The Ministry had introduced a revised entry age for nursery children which kicked into motion at the start of the school year in September last.  Previously a child had to be three years old by March 31 in order to enter Nursery School in September of the same year. However, with the revised undertaking by the Ministry, children were eligible to enter the nursery level in September even if they would have turned three in June.

 

Minister Manickchand at her most recent press conference at the Kingston Georgetown, National Centre for Education Resource Development (NCERD), informed that her Ministry has been closely monitoring the revised tactic.
According to the Minister, ahead of introducing the revised age of entry, the Ministry had started holding national consultations in 2013. She however, noted that “I didn’t think that we were prepared in the system to accommodate these children in September 2013, for many reasons…” At the time, Manickchand said that the Ministry was not able to ascertain how many children would have been eligible for acceptance.
She however noted that based on figures from the General Registrar Office, it was evident that there were about 1,000 new births every month.
“We could have estimated that it would be about 3,000 more children added with the three months period that we were allowing for…The problem with that, is that, we didn’t know how the children would be spread out,” said the Minister.
Added to this, she said that “we didn’t know whether we would have most of them in Georgetown; all of them in Georgetown; none in a particular Region; if a particular school would have 500 new children while no other school had any; we had to really plan for it and get our parents to register (their children).”
And so registration for nursery children started in January as opposed to previous years, when it started around April/May to allow the Ministry to make preparations to accommodate the additional children.  The Minister continued that “frankly we haven’t had any major complaints. I haven’t heard of any, but nursery-age children are always, when they get into schools, first they will bawl the school down for maybe the first week, and they bawl a little bit less for the first month and by the end of the first term they settle in.”

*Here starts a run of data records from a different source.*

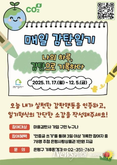 뉴스펀치 김완규 기자 | 서울 은평구는 지난 17일부터 내달 5일까지 주민들이 일상 속에서 탄소중립 행동(감탄행동)을 실천하고 기록하며, 긍정적 경험과 친환경 실천을 연결하도록 돕는 ‘매일 감탄일기 – 나의 하루, 감탄으로 기록하다’ 프로그램을 진행한다고 밝혔다.
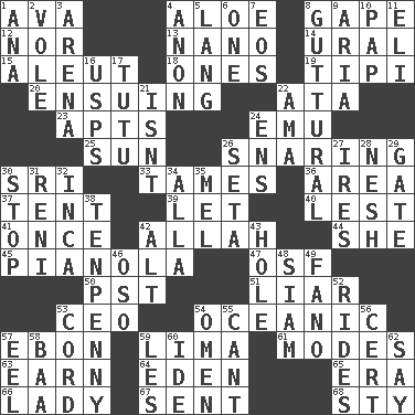 ACROSS 1. Actress Gardner 4. Medicinal plant 8. Open wide 12. Not either 13. Billionth: prefix 14. Mountain range 15. Native American of Southwest Alaska 18. Singles 19. Native american tent (variation) 20. Following as a consequence or result 22. "One Day ___ Time" 23. Tenement units (abbr.) 24. Australian flightless bird 25. Player for Phoenix 26. Catching in a trap 30. Indian title of respect (Mr.) 33. Corrects by punishment or discipline 36. Type of rug 37. Portable shelter 39. Allow 40. For fear that 41. At one time in the past 42. Assad's deity 44. A female animal or person 45. Player piano 47. Order of Saint Francis (abbr.) 50. Pacific Standard Time (abbr.) 51. One who doesn't tell the truth 53. Corporate head (abbr.) 54. Pertaining to the sea 57. Inky black, to poets 59. Pale green bean 61. Methods 63. Merit 64. Paradise 65. Epoch 66. Kenny Rogers chart-topper in '80 67. Posted 68. Filthy place DOWN 1. Santa ___, CA 2. Grand slam 3. Sports stadium 4. Soon (poet.) 5. Austrian-born American filmmaker Fritz 6. Single 7. Greek goddess of the dawn 8. From the throat 9. Operatic vocal solo 10. Infant food 11. Biblical high priest 16. United States Postal Service (abbr.) 17. Ballerina skirt 21. Is not 22. Nursemaid (var.) 24. Followers of ems 26. Stalk of a moss capsule 27. Angers 28. Delicate 29. Yard entry 30. Cease 31. Painter Guido (1575-1642) 32. South American Indian 34. Silent film actress Nazimova 35. Cartoonist voice _ Blanc 38. 3-inch nail 42. Keyboard modifier key 43. Hollow 46. Bear (Spanish) 48. Thailand, formerly 49. Papal veil 52. Amusement-park features 53. Drawstring 54. Presage 55. Patter 56. An absolute certainty 57. Snakelike fish 58. Sound made by sheep 59. French article 60. Binary compound 62. Declare
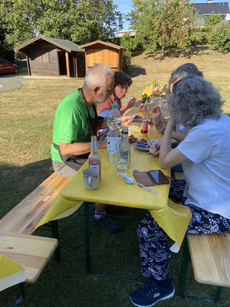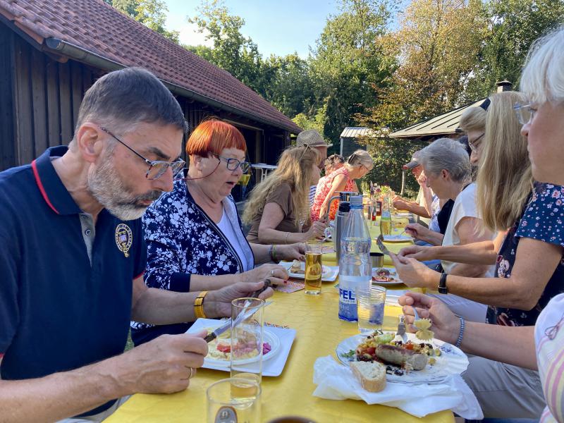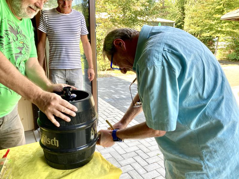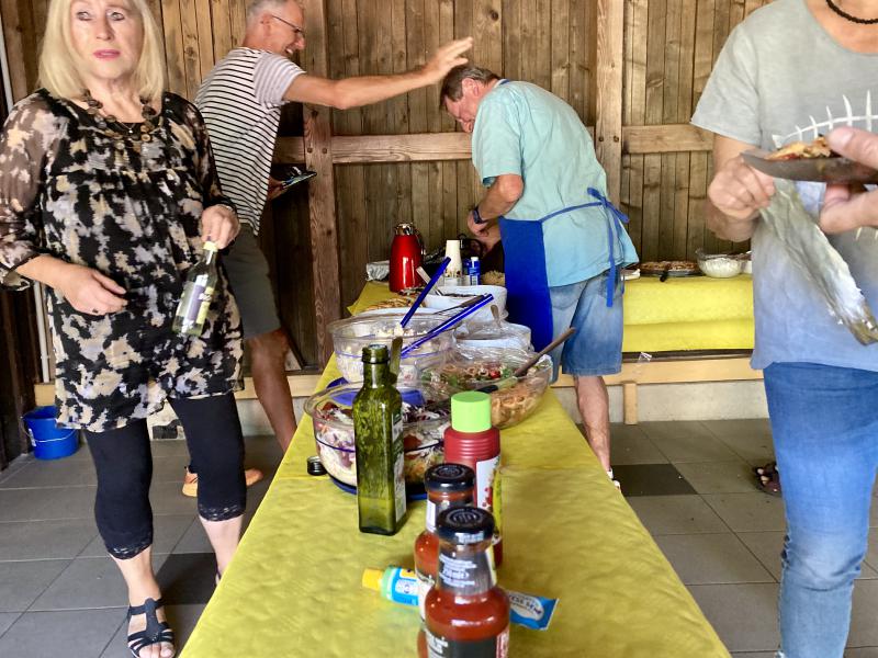 2. September, 15:30 Uhr: Die Teilnehmer des diesjährigen Sommerfestes trudeln auf dem Pützemichplatz ein……...und mit ihnen leckere Salate, Baguettes, Dips und Kräuterbutter, feinste Desserts und verschiedenste Kuchen. Altbewährt und professionell gaben Christoph und Wolfgang am Grill wieder alles, um uns mit bestens zubereitetem Grillgut zu versorgen. Zu Trinken hatten wir neben einer Bierfass-Spende von Brigitte so einiges, um bei schönstem Sommerwetter den Durst zu löschen. Schön, dass unsere neuen Mitglieder ebenso dabei waren, wie 3 süße Enkelkinder. Als dann kurz vor Schluss die Kühle langsam nach oben kroch, wurde es noch einmal besonders lustig.
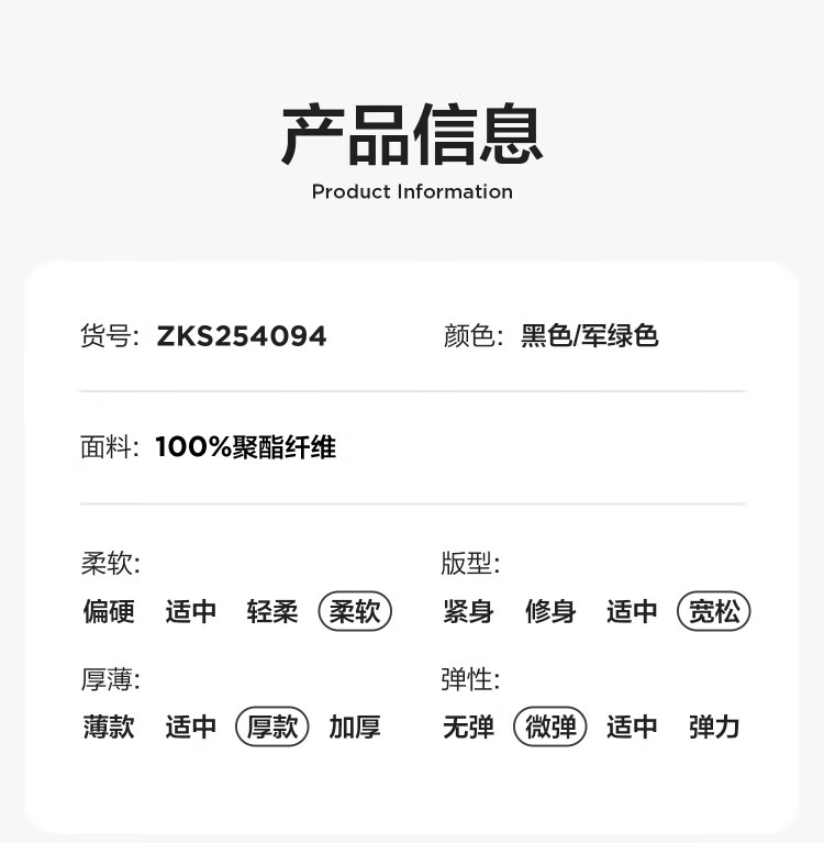 China (cm) 165 / 88-90 170 / 96-98 175 / 108-110 180 / 118-122 185 / 126-130
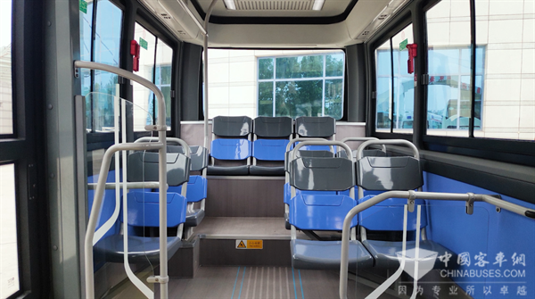 不仅外观时尚、机动灵活,睿通V60在内饰方面也秉承全新的设计理念,更加注重人性化,提高乘客乘坐的便捷和舒适性。其选用豪华多功能内饰:车顶高铁风格的宽灯带、顶中吸音条纹内饰、蓝色氛围灯、乘客区顶部沐浴式出风口…营造出温馨的车厢环境。同时,可选配配备乘客区USB充电接口,更便捷,可选轮椅导板等人性化配置,以细致入微的设计,给乘客提供温暖体贴的乘坐体验。
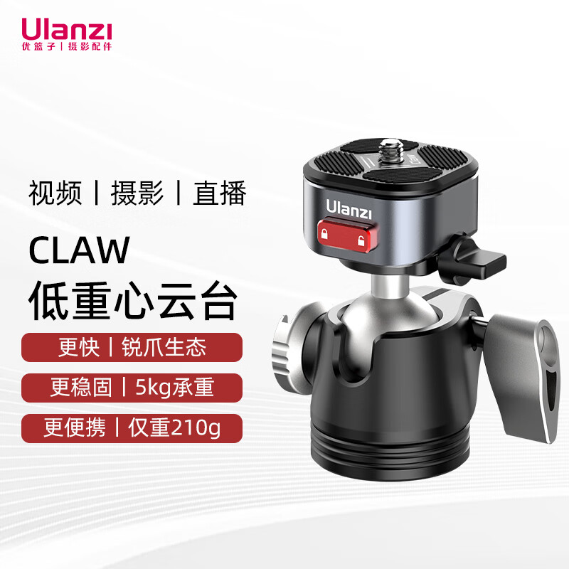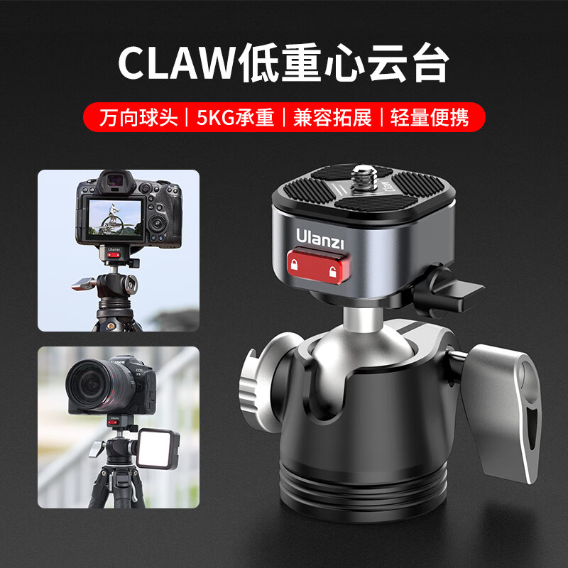 ulanzi优篮子 CLAW 低重心云台360°全景万向阻尼球头支架vlog手机单反相机横竖拍摄影便携拓展脚架配件价格:179.00元!

Another known issue that children face, the Minister said, is that of limited independence, whereby some of them are unable to use the toilets or are unable to eat by themselves.
“We could have had a major problem on our hands if this was really going to hamper the learning environment for all the children in the classroom,” noted the Minister. But according to her, the Ministry was able to minimise a series of potential problems by inviting about 90 per cent of the entrants’ parents to meetings, ahead of the start of the school year (July/August holiday), that sought to solicit their (parents) support to prepare their children for school.
“We asked them to teach their children and be of help in the home, but that flew under the radar…the press wasn’t interested in that,” said the Minister as she pointed out that “we had parents who knew what would be expected of their children and what they could help with over the holidays.”
The end result, the Minister said, is that the nursery system was able to receive children who were more prepared in September than ever before.
“All of our children are never going to be able to use the toilet and so on before they go to school, you will always have that percentage that the teachers will have to work with,” said Manickchand as she reiterated that “most of our children are prepared and ready for learning.”